[[ DATA TO USE, beginning ]]

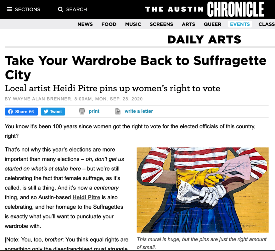 Her 40-foot mural, “Suffragette” in Hattiesburg, Mississippi, celebrates the 19th amendment and is dedicated to all women who have held office over the last century. Heidi currently resides in Kansas City, constantly adding to her CV, which you can view here.
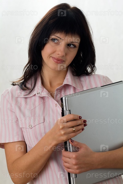 Красивая девушка держит в руках ноутбук
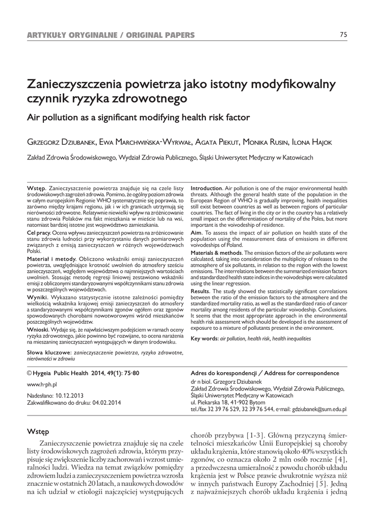 Dziubanek G i wsp. Zanieczyszczenia powietrza jakopapers istotny modyfikowalny czynnik ryzyka zdrowotnego Artykuły oryginalne / original 75 Zanieczyszczenia powietrza jako istotny modyfikowalny czynnik ryzyka zdrowotnego Air pollution as a significant modifying health risk factor Grzegorz Dziubanek, Ewa Marchwińska-Wyrwał, Agata Piekut, Monika Rusin, Ilona Hajok Zakład Zdrowia Środowiskowego, Wydział Zdrowia Publicznego, Śląski Uniwersytet Medyczny w Katowicach Wstęp. Zanieczyszczenie powietrza znajduje się na czele listy środowiskowych zagrożeń zdrowia. Pomimo, że ogólny poziom zdrowia w całym europejskim Regionie WHO systematycznie się poprawia, to zarówno między krajami regionu, jak i w ich granicach utrzymują się nierówności zdrowotne. Relatywnie niewielki wpływ na zróżnicowanie stanu zdrowia Polaków ma fakt mieszkania w mieście lub na wsi, natomiast bardziej istotne jest województwo zamieszkania. Cel pracy. Ocena wpływu zanieczyszczeń powietrza na zróżnicowanie stanu zdrowia ludności przy wykorzystaniu danych pomiarowych związanych z emisją zanieczyszczeń w różnych województwach Polski. Materiał i metody. Obliczono wskaźniki emisji zanieczyszczeń powietrza, uwzględniające krotność uwolnień do atmosfery sześciu zanieczyszczeń, względem województwa o najmniejszych wartościach uwolnień. Stosując metodę regresji liniowej zestawiono wskaźniki emisji z obliczonymi standaryzowanymi współczynnikami stanu zdrowia w poszczególnych województwach. Wyniki. Wykazano statystycznie istotne zależności pomiędzy wielkością wskaźnika krajowej emisji zanieczyszczeń do atmosfery a standaryzowanymi współczynnikami zgonów ogółem oraz zgonów spowodowanych chorobami nowotworowymi wśród mieszkańców poszczególnych województw. Wnioski. Wydaje się, że najwłaściwszym podejściem w ramach oceny ryzyka zdrowotnego, jakie powinno być rozwijane, to ocena narażenia na mieszaninę zanieczyszczeń występujących w danym środowisku. Introduction. Air pollution is one of the major environmental health threats. Although the general health state of the population in the European Region of WHO is gradually improving, health inequalities still exist between countries as well as between regions of particular countries. The fact of living in the city or in the country has a relatively small impact on the differentiation of mortality of the Poles, but more important is the voivodeship of residence. Aim. To assess the impact of air pollution on health state of the population using the measurement data of emissions in different voivodeships of Poland. Materials & methods. The emission factors of the air pollutants were calculated, taking into consideration the multiplicity of releases to the atmosphere of six pollutants, in relation to the region with the lowest emissions. The interrelations between the summarized emission factors and standardized health state indices in the voivodeships were calculated using the linear regression. Results. The study showed the statistically significant correlations between the ratio of the emission factors to the atmosphere and the standardized mortality ratio, as well as the standardized ratio of cancer mortality among residents of the particular voivodeship. Conclusions. It seems that the most appropriate approach in the environmental health risk assessment which should be developed is the assessment of exposure to a mixture of pollutants present in the environment. Key words: air pollution, health risk, health inequalities Słowa kluczowe: zanieczyszczenie powietrza, ryzyko zdrowotne, nierówności w zdrowiu © Hygeia Public Health 2014, 49(1): 75-80 Adres do korespondencji / Address for correspondence www.h-ph.pl dr n biol. Grzegorz Dziubanek Zakład Zdrowia Środowiskowego, Wydział Zdrowia Publicznego, Śląski Uniwersytet Medyczny w Katowicach ul. Piekarska 18, 41-902 Bytom tel./fax 32 39 76 529, 32 39 76 544, e-mail: [email protected] Nadesłano: 10.12.2013 Zakwalifikowano do druku: 04.02.2014 Wstęp Zanieczyszczenie powietrza znajduje się na czele listy środowiskowych zagrożeń zdrowia, którym przypisuje się zwiększenie liczby zachorowań i wzrost umieralności ludzi. Wiedza na temat związków pomiędzy zdrowiem ludzi a zanieczyszczeniem powietrza wzrosła znacznie w ostatnich 20 latach, a naukowych dowodów na ich udział w etiologii najczęściej występujących chorób przybywa [1-3]. Główną przyczyną śmiertelności mieszkańców Unii Europejskiej są choroby układu krążenia, które stanowią około 40% wszystkich zgonów, co oznacza około 2 mln osób rocznie [4], a przedwczesna umieralność z powodu chorób układu krążenia jest w Polsce prawie dwukrotnie wyższa niż w innych państwach Europy Zachodniej [5]. Jedną z najważniejszych chorób układu krążenia i jedną Hygeia Public Health 2014, 49(1): 75-80 76 Cel pracy Ocena wpływu zanieczyszczeń powietrza na zróżnicowanie stanu zdrowia ludności przy wykorzystaniu danych pomiarowych związanych z emisją zanieczyszczeń w różnych regionach Polski. Materiał i metody Korzystając z wyników wieloletnich badań emisji podstawowych zanieczyszczeń w układzie województw [22] obliczono wskaźniki emisji zanieczyszczeń powietrza, uwzględniające krotność uwolnień do atmosfery takich zanieczyszczeń, jak: dwutlenek siarki, tlenki azotu, pył, kadm, ołów i rtęć w latach 2002-2005 względem województwa o najmniejszych wartościach uwolnień. Uzyskane w ten sposób wskaźniki emisji dla poszczególnych związków zsumowano otrzymując łączny wskaźnik emisji sześciu rozpatrywanych związków. Wskaźniki emisji zestawiono z obliczonymi na podstawie danych GUS (Głównego Urzędu Statystycznego) [23] standaryzowanymi współczynnikami zgonów ogółem, zgonów wywołanych chorobami układu sercowo-naczyniowego oraz zgonów wywołanych chorobami nowotworowymi w poszczególnych województwach. Zależności obliczono 
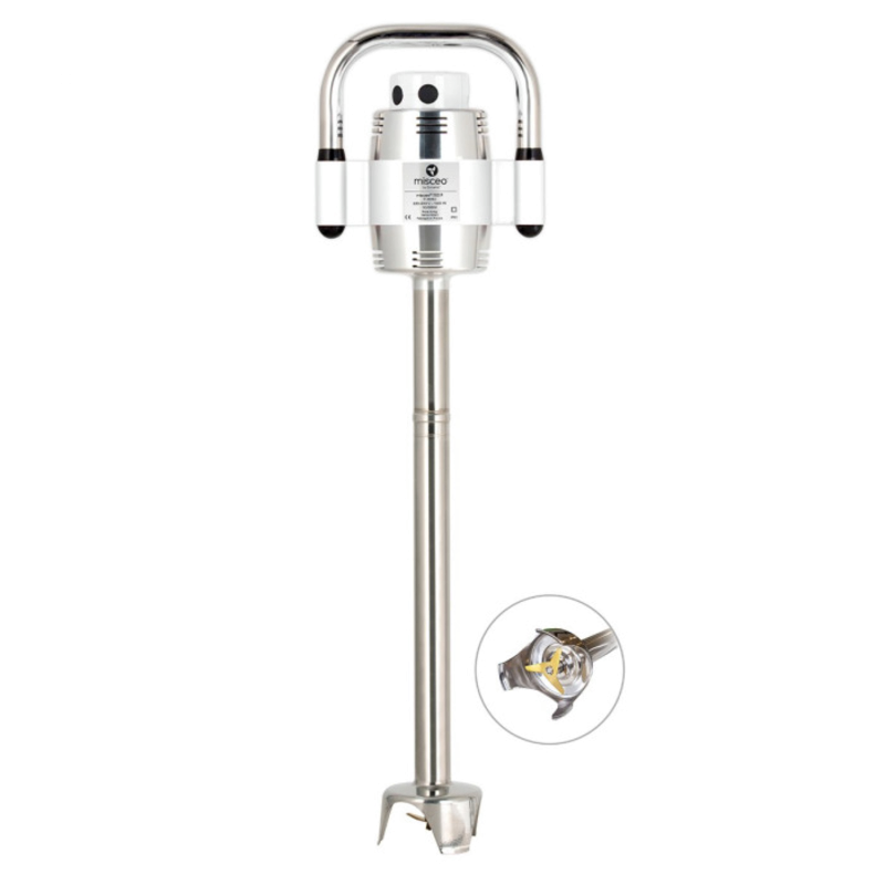 Doté d’un moteur puissant de 1100 W, le MISCEO 1100 P permet de traiter des volumes importants tout en maintenant une excellente précision de mélange. Sa tige de 520 mm équipée de 3 lames en acier inoxydable optimise la dispersion, l’émulsion et la réduction des particules, garantissant ainsi une texture homogène et stable.
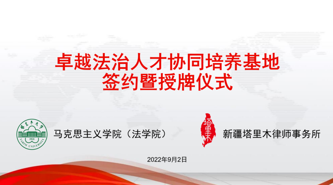 为深入贯彻落实教育部、中央政法委《关于坚持德法兼修实施卓越法治人才教育培养计划2.0的意见》,促进法学理论与法律实践的衔接与贯通,增强法学研究与律师实务的融合发展,加强新时代卓越法治人才培养,2022年9月2日,塔里木大学马克思主义学院(法学院)与新疆塔里木律师事务所签约共建“卓越法治人才协同培养基地”。

[[ DATA TO USE, end ]]

**TASK OBJECTIVE**
Copy exactly, and only, the lines running from the one containing "Doté d’un moteur" through the final line of the data, and omit the pictures.

**YOUR RESPONSE**
 Doté d’un moteur puissant de 1100 W, le MISCEO 1100 P permet de traiter des volumes importants tout en maintenant une excellente précision de mélange. Sa tige de 520 mm équipée de 3 lames en acier inoxydable optimise la dispersion, l’émulsion et la réduction des particules, garantissant ainsi une texture homogène et stable.
 为深入贯彻落实教育部、中央政法委《关于坚持德法兼修实施卓越法治人才教育培养计划2.0的意见》,促进法学理论与法律实践的衔接与贯通,增强法学研究与律师实务的融合发展,加强新时代卓越法治人才培养,2022年9月2日,塔里木大学马克思主义学院(法学院)与新疆塔里木律师事务所签约共建“卓越法治人才协同培养基地”。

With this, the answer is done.